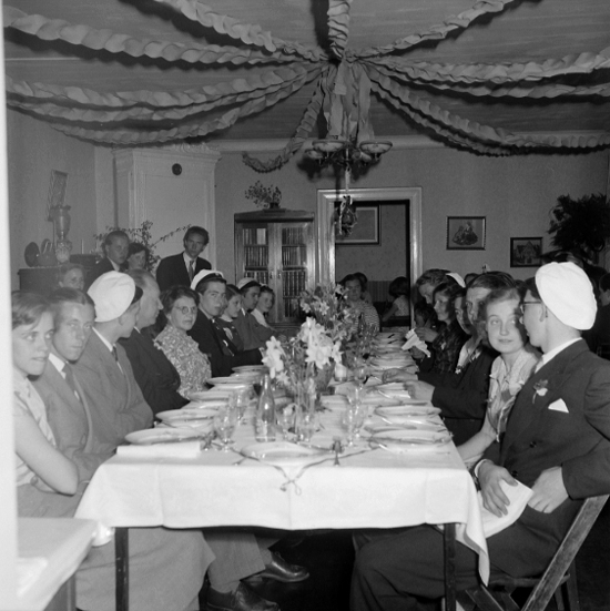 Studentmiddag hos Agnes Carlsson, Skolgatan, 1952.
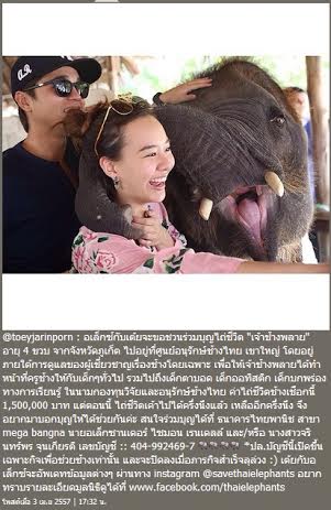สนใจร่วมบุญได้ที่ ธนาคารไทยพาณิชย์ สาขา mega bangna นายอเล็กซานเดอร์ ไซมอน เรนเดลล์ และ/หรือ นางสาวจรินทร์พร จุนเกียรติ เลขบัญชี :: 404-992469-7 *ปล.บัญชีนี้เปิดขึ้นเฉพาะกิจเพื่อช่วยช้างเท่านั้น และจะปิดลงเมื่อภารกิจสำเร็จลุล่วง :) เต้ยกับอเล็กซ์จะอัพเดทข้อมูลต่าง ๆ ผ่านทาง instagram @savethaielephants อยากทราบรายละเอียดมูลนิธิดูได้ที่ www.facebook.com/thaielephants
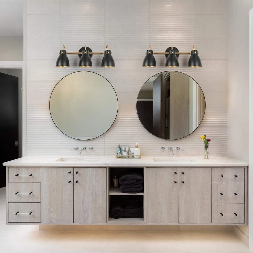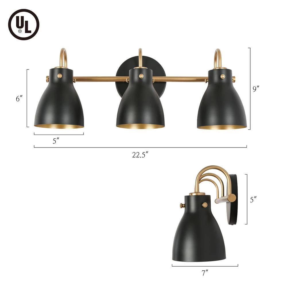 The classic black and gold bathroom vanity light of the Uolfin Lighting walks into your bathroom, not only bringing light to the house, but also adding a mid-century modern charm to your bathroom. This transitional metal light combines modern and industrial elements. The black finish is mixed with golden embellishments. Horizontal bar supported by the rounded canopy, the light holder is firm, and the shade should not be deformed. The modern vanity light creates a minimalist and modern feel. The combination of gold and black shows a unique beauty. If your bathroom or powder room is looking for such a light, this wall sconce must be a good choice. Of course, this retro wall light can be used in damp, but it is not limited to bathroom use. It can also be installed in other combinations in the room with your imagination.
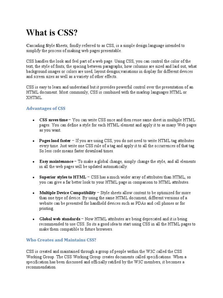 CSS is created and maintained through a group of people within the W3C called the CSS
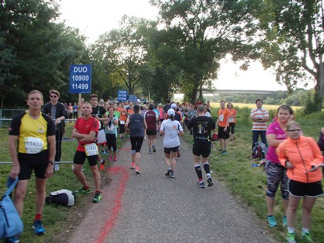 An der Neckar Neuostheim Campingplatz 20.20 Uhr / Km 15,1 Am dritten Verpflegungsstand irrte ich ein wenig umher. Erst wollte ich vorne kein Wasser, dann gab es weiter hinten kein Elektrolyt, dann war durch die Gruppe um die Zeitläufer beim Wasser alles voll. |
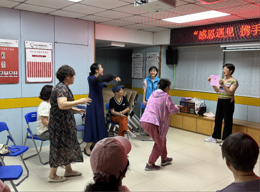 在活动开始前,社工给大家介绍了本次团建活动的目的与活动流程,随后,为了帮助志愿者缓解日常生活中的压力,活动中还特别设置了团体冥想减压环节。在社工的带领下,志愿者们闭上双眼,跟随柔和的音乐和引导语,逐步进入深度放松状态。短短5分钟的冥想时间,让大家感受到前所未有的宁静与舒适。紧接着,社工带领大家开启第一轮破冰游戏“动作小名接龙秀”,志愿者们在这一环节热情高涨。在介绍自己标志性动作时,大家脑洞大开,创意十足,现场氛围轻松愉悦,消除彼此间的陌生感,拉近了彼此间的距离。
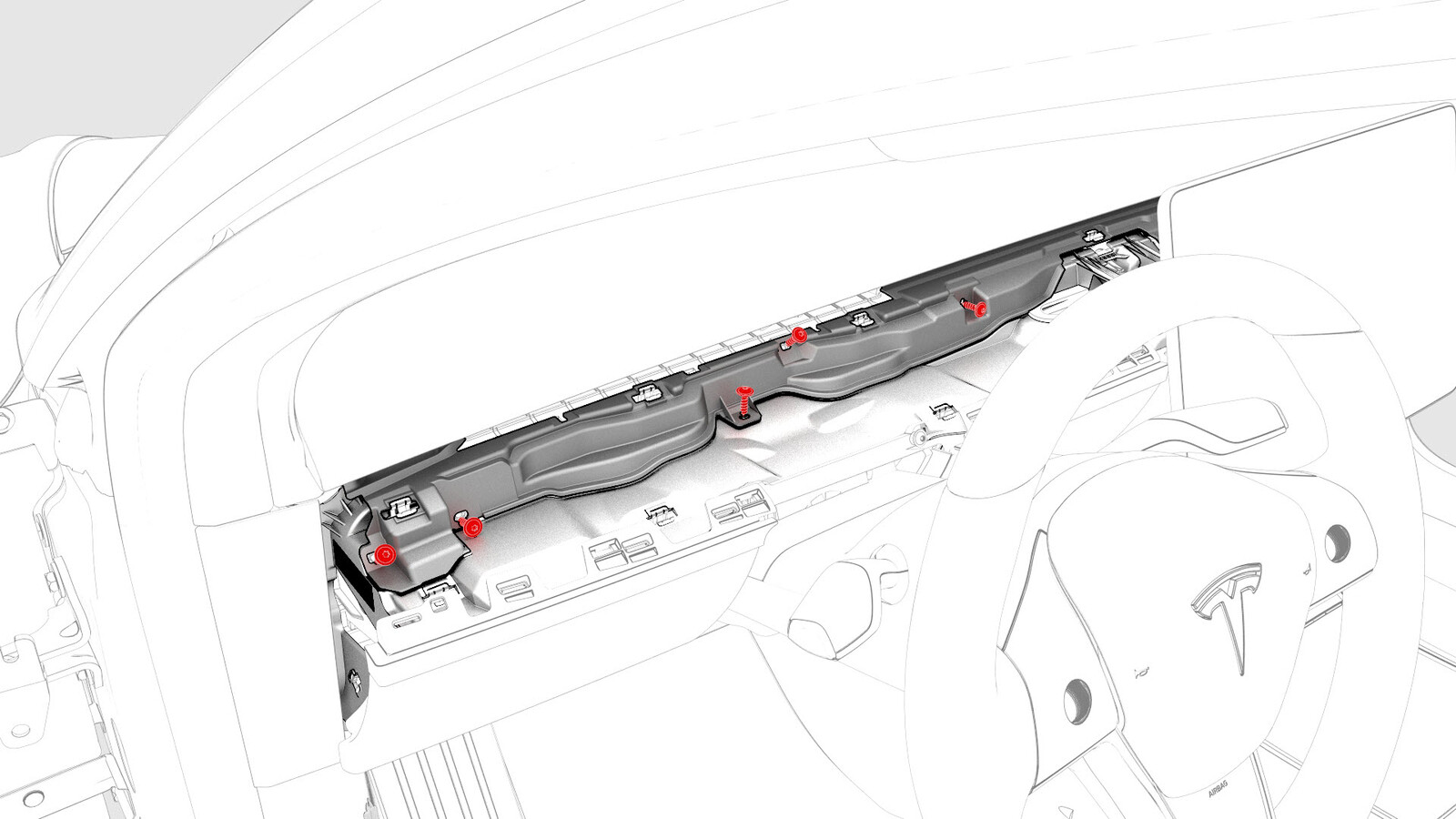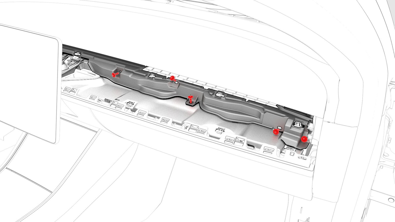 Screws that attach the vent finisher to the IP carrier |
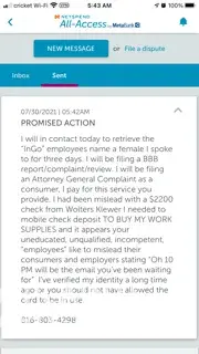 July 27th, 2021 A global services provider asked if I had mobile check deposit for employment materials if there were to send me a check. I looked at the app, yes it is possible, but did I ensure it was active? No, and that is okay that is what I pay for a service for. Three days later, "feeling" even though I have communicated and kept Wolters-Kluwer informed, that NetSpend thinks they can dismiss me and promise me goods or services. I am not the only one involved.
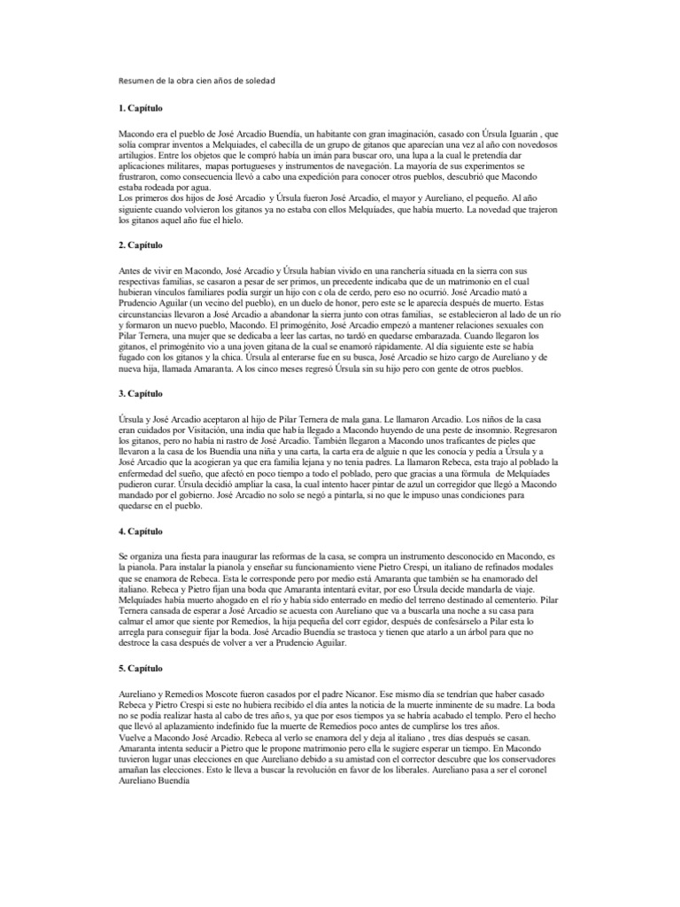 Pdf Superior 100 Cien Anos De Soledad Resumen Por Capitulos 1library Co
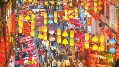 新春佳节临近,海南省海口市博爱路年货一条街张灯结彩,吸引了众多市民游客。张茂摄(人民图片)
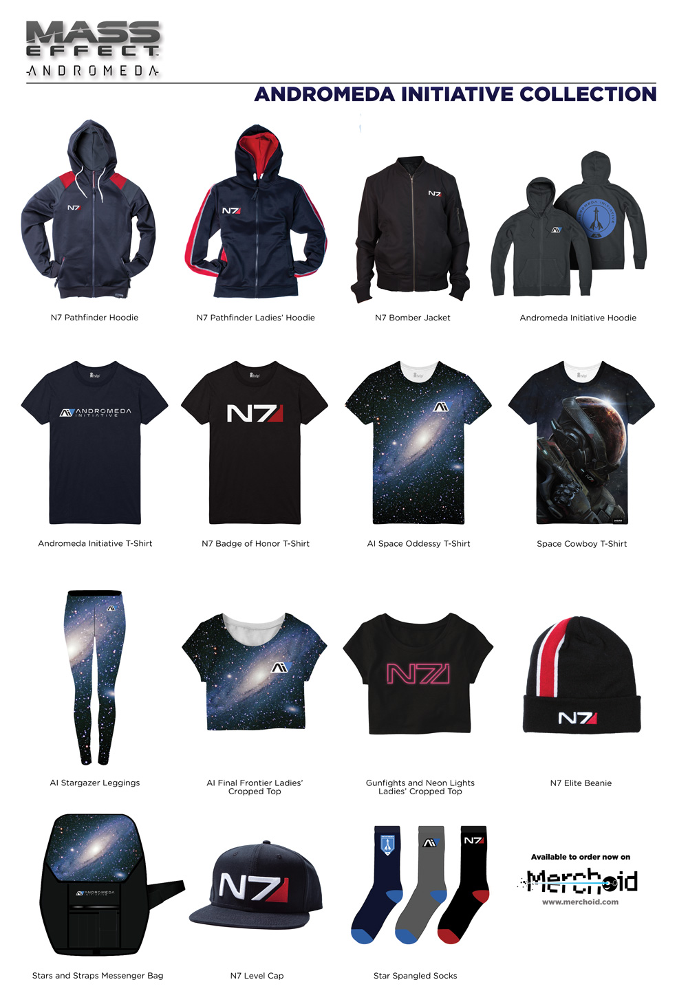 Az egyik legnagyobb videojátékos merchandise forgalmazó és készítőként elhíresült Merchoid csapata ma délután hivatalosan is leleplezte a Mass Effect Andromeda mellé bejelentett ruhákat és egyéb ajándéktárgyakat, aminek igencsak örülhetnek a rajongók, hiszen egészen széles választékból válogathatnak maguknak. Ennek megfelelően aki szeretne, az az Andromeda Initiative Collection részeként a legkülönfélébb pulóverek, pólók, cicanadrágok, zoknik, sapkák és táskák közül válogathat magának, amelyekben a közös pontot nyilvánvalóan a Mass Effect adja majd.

**What you have to do:**
Omit the pictures. Repeat the rest of the data exactly.

**Output for this exercise:**
 Studentmiddag hos Agnes Carlsson, Skolgatan, 1952.
สนใจร่วมบุญได้ที่ ธนาคารไทยพาณิชย์ สาขา mega bangna นายอเล็กซานเดอร์ ไซมอน เรนเดลล์ และ/หรือ นางสาวจรินทร์พร จุนเกียรติ เลขบัญชี :: 404-992469-7 *ปล.บัญชีนี้เปิดขึ้นเฉพาะกิจเพื่อช่วยช้างเท่านั้น และจะปิดลงเมื่อภารกิจสำเร็จลุล่วง :) เต้ยกับอเล็กซ์จะอัพเดทข้อมูลต่าง ๆ ผ่านทาง instagram @savethaielephants อยากทราบรายละเอียดมูลนิธิดูได้ที่ www.facebook.com/thaielephants
 The classic black and gold bathroom vanity light of the Uolfin Lighting walks into your bathroom, not only bringing light to the house, but also adding a mid-century modern charm to your bathroom. This transitional metal light combines modern and industrial elements. The black finish is mixed with golden embellishments. Horizontal bar supported by the rounded canopy, the light holder is firm, and the shade should not be deformed. The modern vanity light creates a minimalist and modern feel. The combination of gold and black shows a unique beauty. If your bathroom or powder room is looking for such a light, this wall sconce must be a good choice. Of course, this retro wall light can be used in damp, but it is not limited to bathroom use. It can also be installed in other combinations in the room with your imagination.
 CSS is created and maintained through a group of people within the W3C called the CSS
 An der Neckar Neuostheim Campingplatz 20.20 Uhr / Km 15,1 Am dritten Verpflegungsstand irrte ich ein wenig umher. Erst wollte ich vorne kein Wasser, dann gab es weiter hinten kein Elektrolyt, dann war durch die Gruppe um die Zeitläufer beim Wasser alles voll. |
 在活动开始前,社工给大家介绍了本次团建活动的目的与活动流程,随后,为了帮助志愿者缓解日常生活中的压力,活动中还特别设置了团体冥想减压环节。在社工的带领下,志愿者们闭上双眼,跟随柔和的音乐和引导语,逐步进入深度放松状态。短短5分钟的冥想时间,让大家感受到前所未有的宁静与舒适。紧接着,社工带领大家开启第一轮破冰游戏“动作小名接龙秀”,志愿者们在这一环节热情高涨。在介绍自己标志性动作时,大家脑洞大开,创意十足,现场氛围轻松愉悦,消除彼此间的陌生感,拉近了彼此间的距离。
 Screws that attach the vent finisher to the IP carrier |
 July 27th, 2021 A global services provider asked if I had mobile check deposit for employment materials if there were to send me a check. I looked at the app, yes it is possible, but did I ensure it was active? No, and that is okay that is what I pay for a service for. Three days later, "feeling" even though I have communicated and kept Wolters-Kluwer informed, that NetSpend thinks they can dismiss me and promise me goods or services. I am not the only one involved.
 Pdf Superior 100 Cien Anos De Soledad Resumen Por Capitulos 1library Co
 新春佳节临近,海南省海口市博爱路年货一条街张灯结彩,吸引了众多市民游客。张茂摄(人民图片)
 Az egyik legnagyobb videojátékos merchandise forgalmazó és készítőként elhíresült Merchoid csapata ma délután hivatalosan is leleplezte a Mass Effect Andromeda mellé bejelentett ruhákat és egyéb ajándéktárgyakat, aminek igencsak örülhetnek a rajongók, hiszen egészen széles választékból válogathatnak maguknak. Ennek megfelelően aki szeretne, az az Andromeda Initiative Collection részeként a legkülönfélébb pulóverek, pólók, cicanadrágok, zoknik, sapkák és táskák közül válogathat magának, amelyekben a közös pontot nyilvánvalóan a Mass Effect adja majd.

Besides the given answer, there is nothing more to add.